[[ INFORMATION open ]]

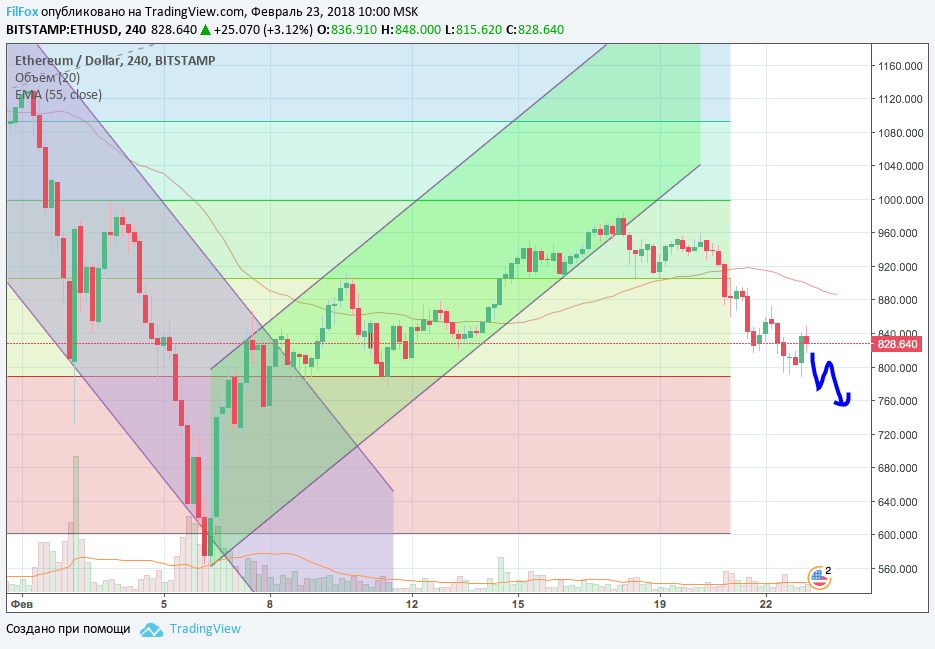 По Ethereum картинка не выглядит так драматично, как по Bitcoin. Уровень поддержки 23.6% фибо (788.00 USD) выступил вчера ограничителем сползания цены, и эфир восстановился до отметки 848.00 USD. Но полагаю, что сегодня цена всё таки пробьёт этот уровень поддержки и нацелится на минимум в области 750.00 долларов за эфир.
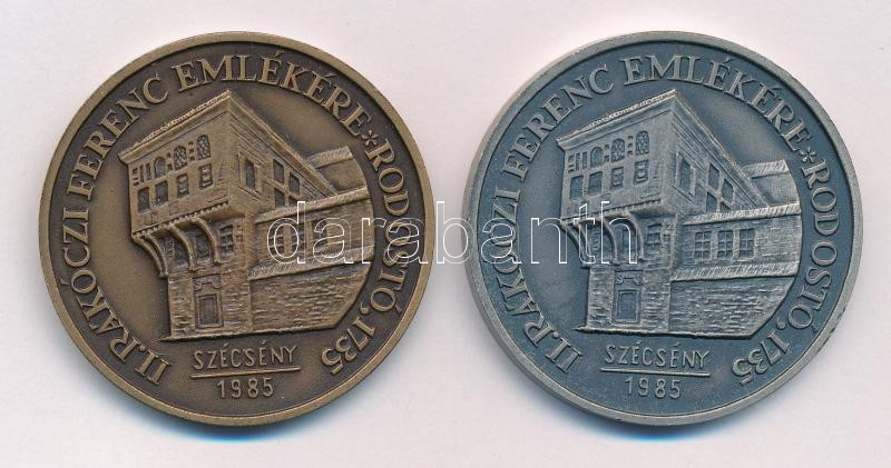 Description: Bognár György (1944-) 1985. "MÉE Szécsény / II. Rákóczi Ferenc halálának 250. évfordulójára - Rodostó" bronz emlékérem (42,5mm) + ezüstpatinázott bronz emlékérem (42,5mm) T:1- Adamo SY4
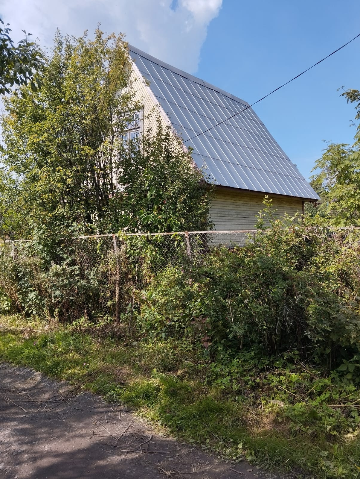 На участке есть колодец (требует чистки), две железные теплицы 6×3, железная будка. Забор сетка.
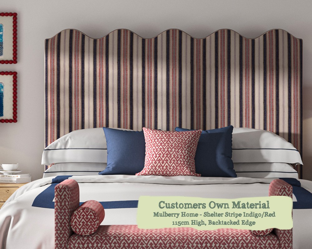 Super King Solas Headboard in Mulberry Home Shelter Stripe Indigo/Red
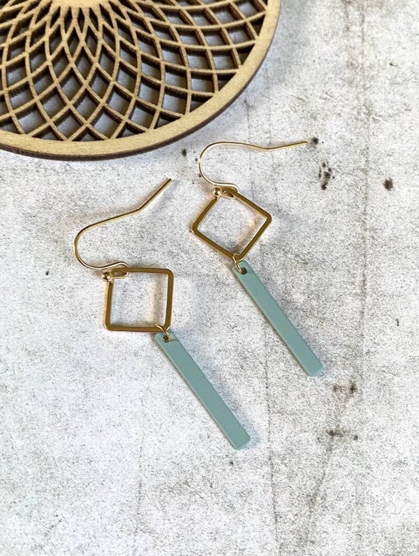 Nikkelvrije oorhangers met daaraan nikkelvrije ruitjes en staafjes met rubbercoating.
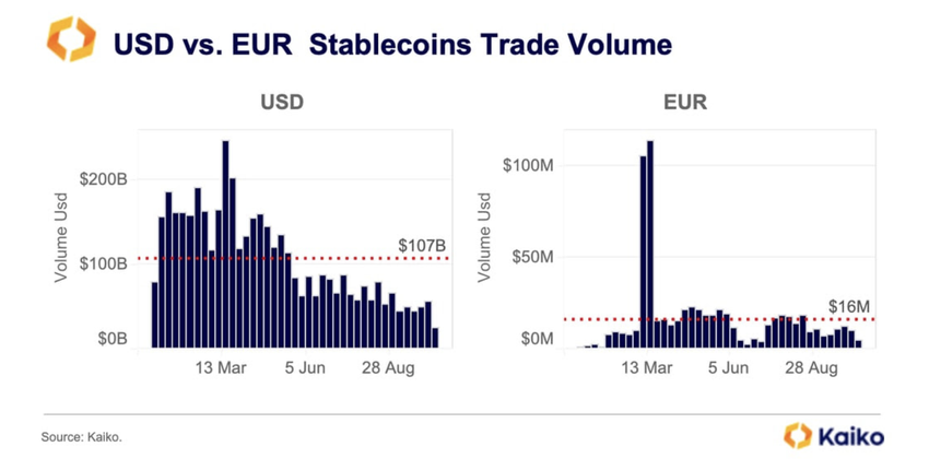 핀테크 기업 템포 프랑스는 향후 3년 안에 유로화 기반 스테이블코인의 거래량 점유율이 0.5%에 달할 것으로 예상합니다. 11월 말까지 유로화 스테이블코인의 거래량 비중은 0.007%에 불과해 미국 달러화보다 훨씬 낮습니다. 마이너스 금리는 또한 유럽 연합에서 유로화 스테이블코인 도입을 막았습니다.
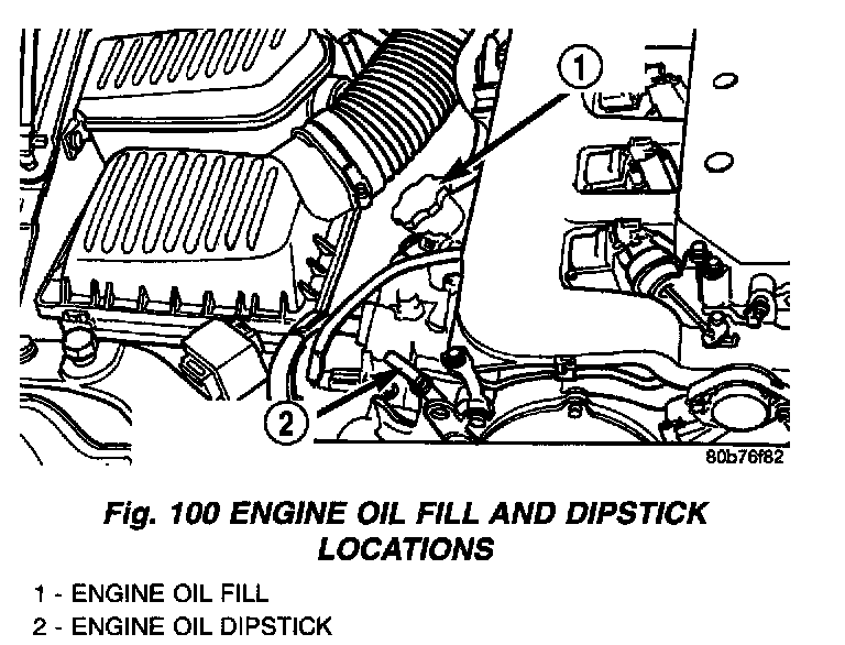 Checking the oil while the vehicle is on level ground will improve the accuracy of the oil level reading (Fig. 100). Add only when the level is at or below the ADD mark.
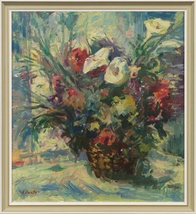 Aleksander Vardi. Lillekorv. 1960. aastate lõpp –1970. aastate algupool. Õli, papp. 55 x 49,8 cm. Alghind: 8000 €
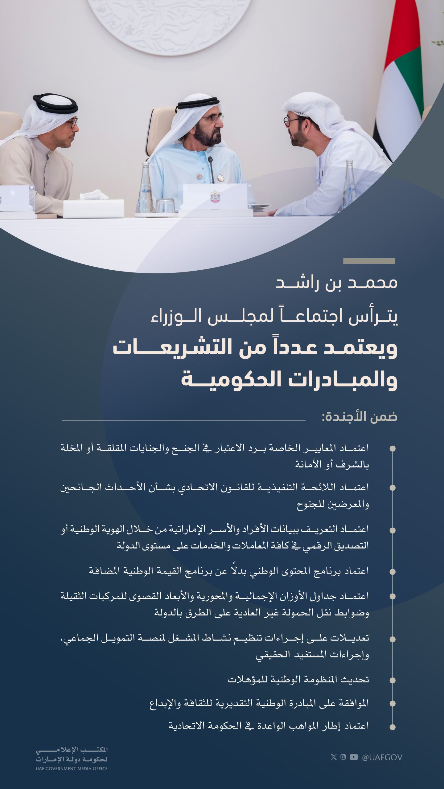 كما اعتمد المجلس عدداً من التشريعات الهادفة لتطوير وتعزيز تنافسية القطاعات الاستراتيجية على مستوى الدولة، شملت تحديث قرار مجلس الوزراء بشأن تنظيم نشاط المشغل لمنصة التمويل الجماعي وذلك لمعالجة التحديات التي يواجهها هذا القطاع على مستوى الدولة، ودعم الشركات العاملة وتشجيع الاستثمارات العالمية الواردة للدولة على مستوى هذا القطاع، بالإضافة إلى إصدار قرار مجلس الوزراء بشأن تحديد جداول الأوزان الإجمالية والمحورية والأبعاد القصوى للمركبات الثقيلة وضوابط نقل الحمولة غير العادية على الطرق بالدولة.

[[ INFORMATION closed ]]

# [PROBLEM DETAILS]
Leave out every picture, and repeat word for word only the lines from the one holding "Aleksander Vardi. Lillekorv." through the end of the entries above, both ends included.

# [RESULT OF THE TASK]
 Aleksander Vardi. Lillekorv. 1960. aastate lõpp –1970. aastate algupool. Õli, papp. 55 x 49,8 cm. Alghind: 8000 €
 كما اعتمد المجلس عدداً من التشريعات الهادفة لتطوير وتعزيز تنافسية القطاعات الاستراتيجية على مستوى الدولة، شملت تحديث قرار مجلس الوزراء بشأن تنظيم نشاط المشغل لمنصة التمويل الجماعي وذلك لمعالجة التحديات التي يواجهها هذا القطاع على مستوى الدولة، ودعم الشركات العاملة وتشجيع الاستثمارات العالمية الواردة للدولة على مستوى هذا القطاع، بالإضافة إلى إصدار قرار مجلس الوزراء بشأن تحديد جداول الأوزان الإجمالية والمحورية والأبعاد القصوى للمركبات الثقيلة وضوابط نقل الحمولة غير العادية على الطرق بالدولة.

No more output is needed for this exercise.